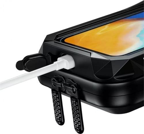 Ayrıca 4,7 - 7,2 İnçe kadar olan cep telefonları içindeki cırtlı bölmeye yerleştirebilirsiniz. Alt kısımda sürüş esnasında kulaklık kullanımı veya sarj için tıpa mevcuttur.
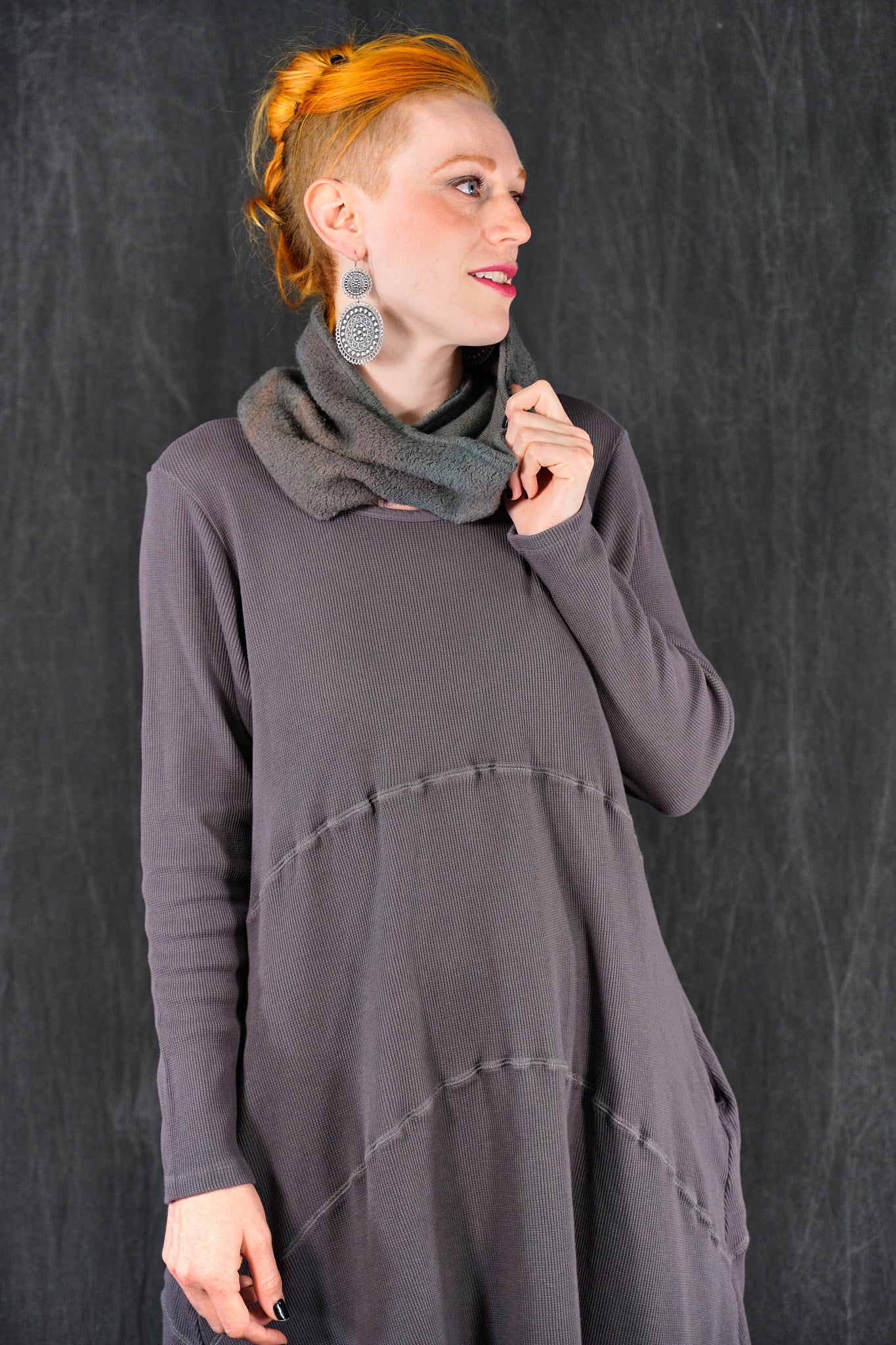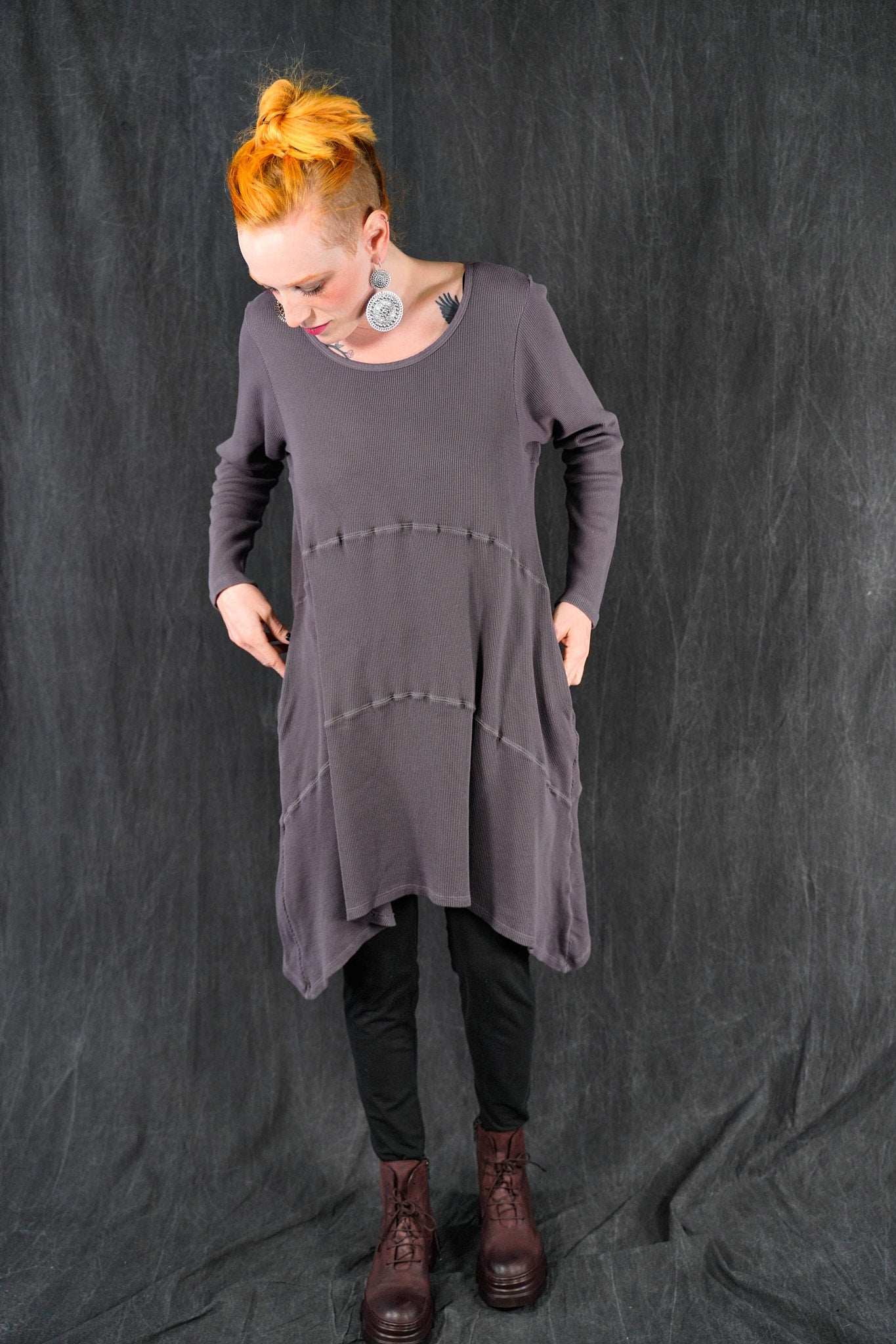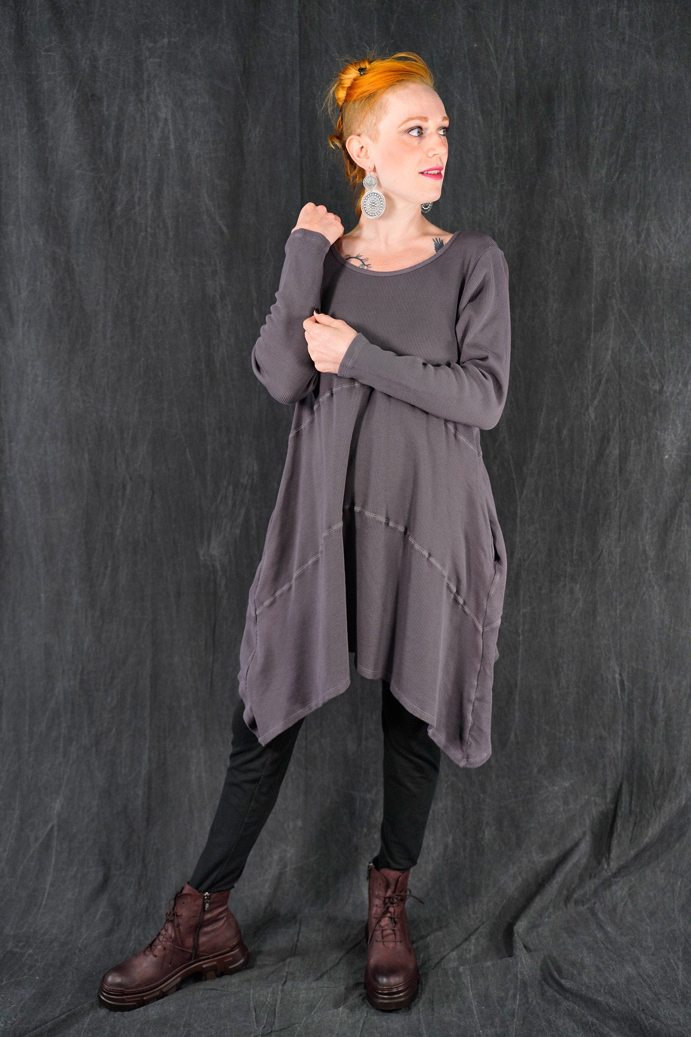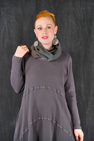 A quintessential favorite, tunic length, a warm piece that is fitted at the top and then gently A-lines out to the upcurved hemline. Long fitted sleeves. Great for winter layering, and easily worn with leggings, skirts, or four square pants as well as jeans. In new rich colors. Features curved, substantial decorative seams that give this piece it’s unmistakable style. On-seam pockets.
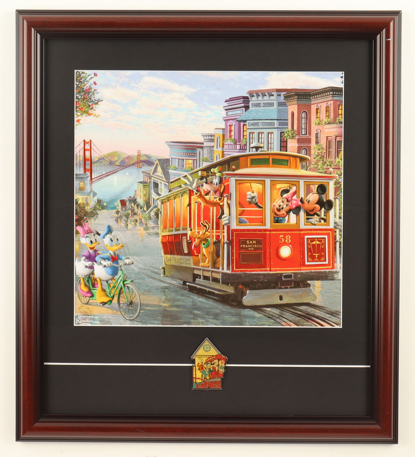 Thomas Kinkade "Mickey & Friends in San Fransisco" Custom Framed Print Display with Retired Vintage Multi Character Trolley Pin

» **INSTRUCTIONS FOR THE TASK**: The output consists of exactly the lines from the one containing "A quintessential favorite, tunic" through the last line of the listing, both included, with no pictures.

» **WRITTEN RESPONSE**:
 A quintessential favorite, tunic length, a warm piece that is fitted at the top and then gently A-lines out to the upcurved hemline. Long fitted sleeves. Great for winter layering, and easily worn with leggings, skirts, or four square pants as well as jeans. In new rich colors. Features curved, substantial decorative seams that give this piece it’s unmistakable style. On-seam pockets.
 Thomas Kinkade "Mickey & Friends in San Fransisco" Custom Framed Print Display with Retired Vintage Multi Character Trolley Pin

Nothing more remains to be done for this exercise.